Monday, July 10, 2006

Where is my Mind?
A couple salutary links while waiting for some of my more substantial post-seedlings to blossom...

  • While I think the Phillies blog I'm involved with does a pretty solid job of analysis--and this year, helping maintain it has given me a metaphorical taste of police forensic work; this is as close as I ever hope to get to determining cause of death--there is, after all, more to life, even more to baseball, than figuring out who should get traded, who should stay, and whether Bill Dancy's third-base coaching idiocy is innate or learned. So I have to commend my new favorite (maybe that isn't quite the word) Phillies blog: I Love Misery. It's acidic balm for the Phils phan soul.

  • Whatever your opinion of the '60s, psychedelic drugs, or the cultural trends of that time, you really need to check out this New Yorker review, a few weeks old now, of a recent biography on Timothy Leary. Louis Menand, a pretty damn fine writer himself, does what I imagine is a far better job of telling Leary's story than does the biographer. And what a story: this guy was, apparently, a first-class schmuck who was married more times than Rush Limbaugh, cheated on all of them, was an awful dad to his maladjusted kids (who came to tragic ends), and eventually sold out his friends and allies to save his own ass and pal around with William Buckley and G. Gordon Liddy.
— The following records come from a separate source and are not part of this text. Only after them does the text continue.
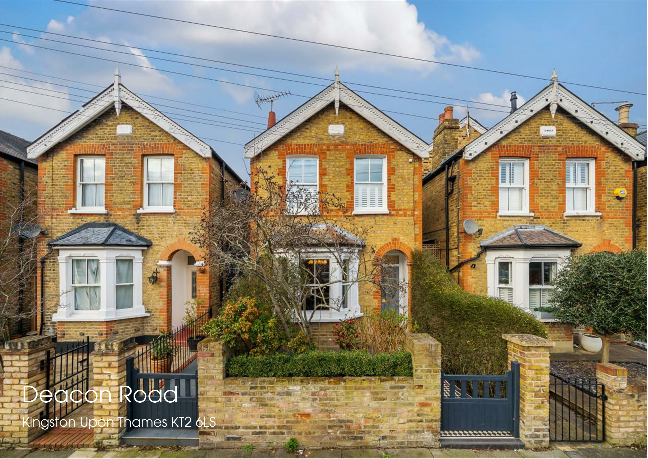
Deacon Road Kingston Upon Thames KT2 6LS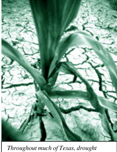
Conditions are cracking soils and ruining crops like this one.

The Palmer Drought Severity Index (PDSI) is a tool based on rainfall, evaporation and soil moisture that is widely used to gauge the severity of droughts. According the PDSI, the High Plains, Rolling Plains, the Edwards Plateau, and East, North Central, and South Central Texas are all in an extreme drought this Summer. This index predicts it is very likely that the drought will continue in North Central, East, and South Central Texas this Summer. Water levels in Falcon and Amistad reservoirs have dipped to 29% of capacity. Statewide, Texas' major reservoirs contain roughly 24 million AF, compared to more than 32 million AF in 1993. In every region of Texas, rainfall levels are only 20% of normal. Rainfall is especially low in South Texas, along the Edwards Plateau, and in the Lower Rio Grande Valley. Nearly 280 public water systems are limiting water use to avoid shortages, while seven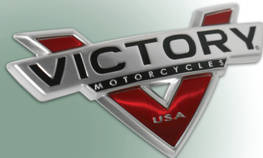
Quality - from start to finish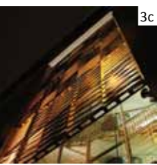
3c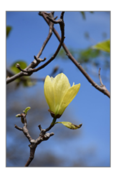
Butterflies Magnolia flowers

This tree does best in full sun to partial shade. It requires an evenly moist well-drained soil for optimal growth, but will die in standing water. It is not particular as to soil type, but has a definite preference for acidic soils. It is quite intolerant of urban pollution, therefore inner city or urban streetside plantings are best avoided. Consider applying a thick mulch around the root zone in winter to protect it in exposed locations or colder microclimates. This particular variety is an interspecific hybrid.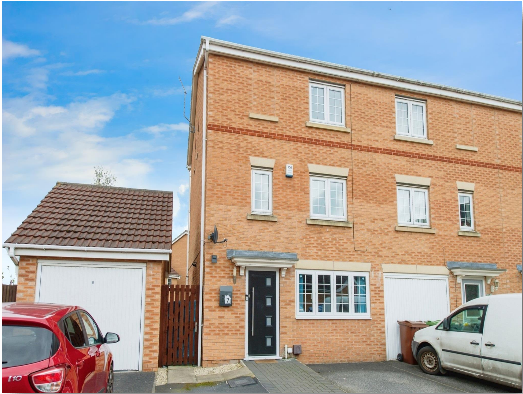
Millers Croft, Castleford WF10 5LP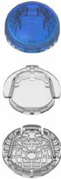
Figure 1 Sensor and Shim Components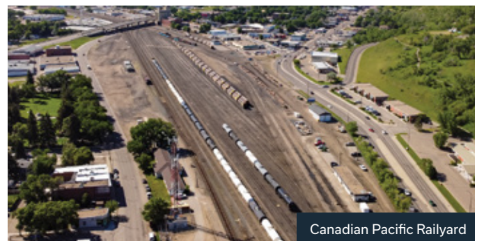
Canadian Pacific Railyard

Medicine Hat is served by Canadian Pacific Railway (CP Rail). CP Rail's mainline splits at Medicine Hat, running south to Lethbridge and north to Calgary.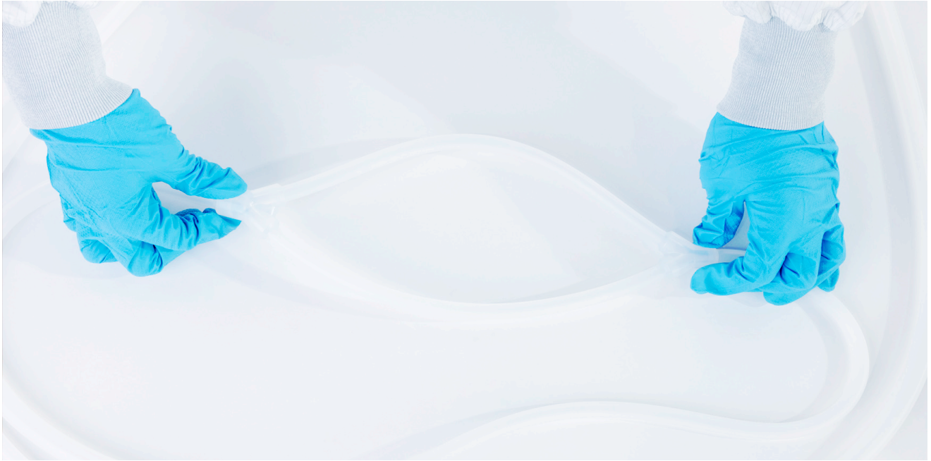
OVERMOLDED DOSING PUMP LOOP, MICRO BORE SIZES AS SMALL AS 0.032 IN. (0.76MM) ID, COMPATIBLE WITH MULTIPLE PUMP TUBING BRANDS AND DUROMETERS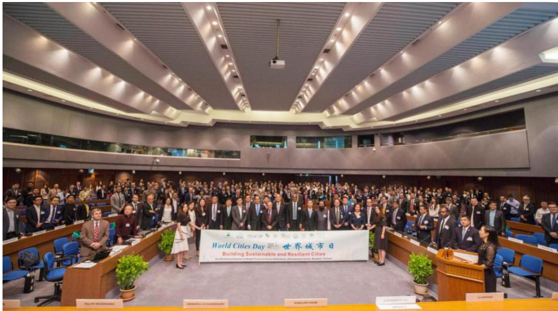
Group photo of participants at the opening session, GFHS 2018, October 30, UNCC in Bangkok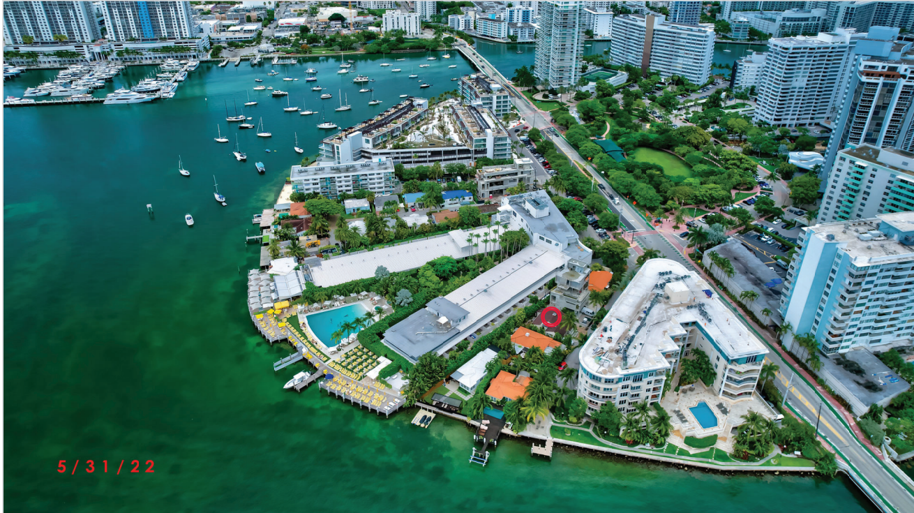
SOUTHWEST AERIAL VIEW OF BELLE ISLE & VENETIAN CROSSWAY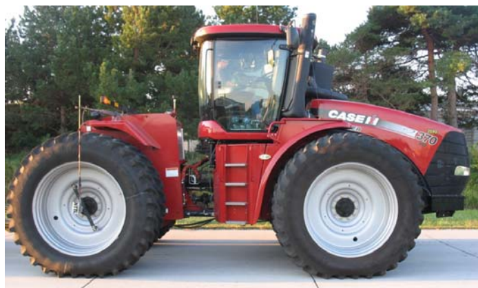
CASE IH STEIGER 370 Diesel

Institute of Agriculture and Natural Resources University of Nebraska-Lincoln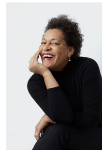
Portrait Carrie Mae Weems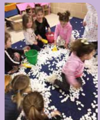
↑ Snow play in Kinder 5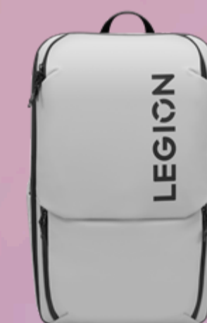
Lenovo Legion 17" Gaming Backpack GB800 (Light Gray) GX41U39300

Please click here to view the full list of accessories.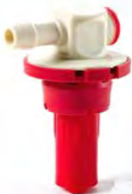
INJ-TL1 Terminating Water Injector, for Standard Bayonet Vent Openings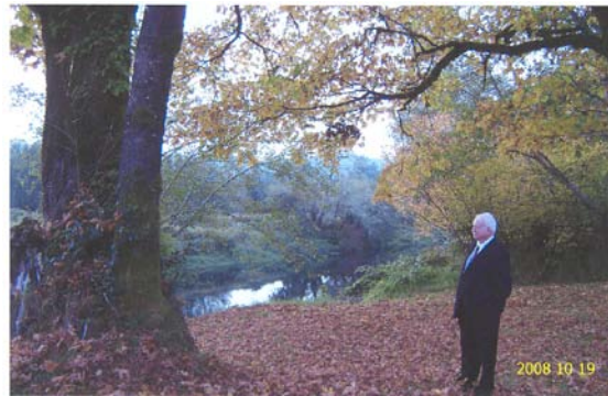
Barbara S. and Walter F. Brown Memorial Park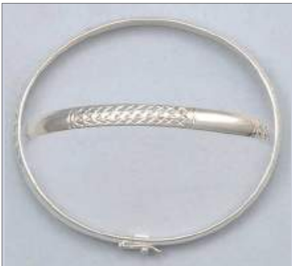
AF9006DC WT: 4.6 gm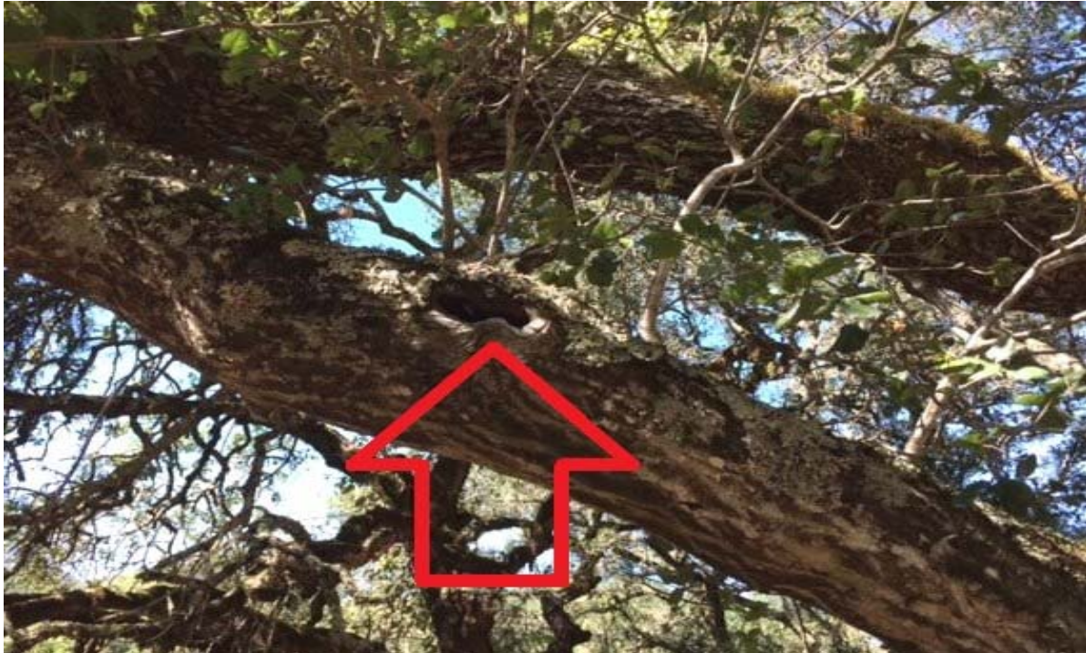
Photo 4: Cavity in tree branch that could provide bat roosting habitat.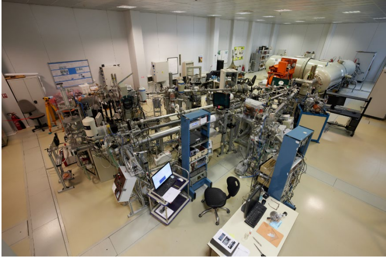
Photo: Nuclear Physics Institute of the CAS in Řež - Tandatron laboratory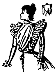
1337—LADIES' WAIST. Size 32, 34, 36, 38, 40.

21 GOLD MEDALS for QUALITY and EXCELLENCE.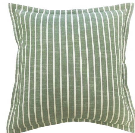
EUCALYPTUS 45 x 45 cm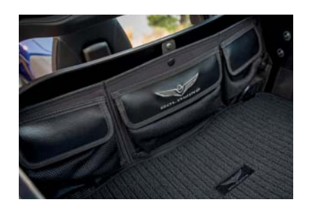
TRUNK LID ORGANISER 08L78-MKC-A00

Helps to keep your trunk organised with convenient storage pockets for smaller items.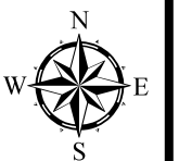
Figure 1 (Sheet 5E of 5) Base map date: November 2015 Refer to CTP document for more details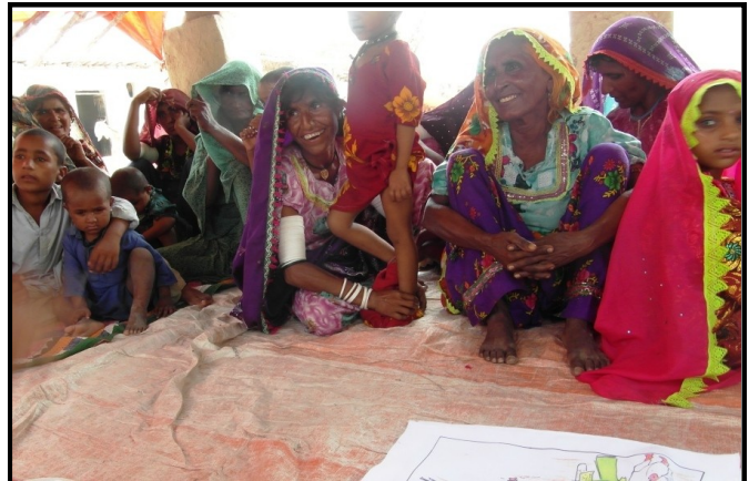
Above: our recent visit to Pakistan prepared communities for the upcoming floods. Read the full story on page three!

We have a global distance learning programme, a presence in advocating at the G20 meetings of the world's richest nations, a response service for Anglican communities hit by disaster, and we are starting to

    Menand notes how the established Leary myth--of an educator and researcher who, Buddha-like, left the safe world of academia to pursue deeper knowledge and enlightenment--masks an uglier, but probably more interesting, truth. As a psychologist-turned-proselytizer for alternative lifestyles, Leary was always in one priesthood or another, but his sermonizing was strictly toward worldly ends:

    Leary spent the first part of his career doing normative psychology, the work of assessment, measurement, and control; he spent the second as one of the leading proselytizers of alternative psychology, the pop psychology of consciousness expansion and nonconformity. But one enterprise was the flip side of the other, and Greenfield’s conclusion, somewhat sorrowfully reached, is that Leary was never serious about either. The only things Leary was serious about were pleasure and renown. He underwent no fundamental transformation when he left the academic world for the counterculture. He liked women, he liked being the center of attention, and he liked to get high. He simply changed the means of intoxication.

    Leary's genius was more Malcolm McLaren than Aldous Huxley: he was, at core, a self-interested self-promoter. That there was a dash of messianism mixed into his monumental self-regard really just contributed to a lot of destroyed lives among people he never met. As the 1960s recede further into the past and a clearer historical picture emerges of the time, I expect we'll see a more judicious sorting of the heroic from the moronic. This account doesn't leave much doubt where Leary sits in that judgment.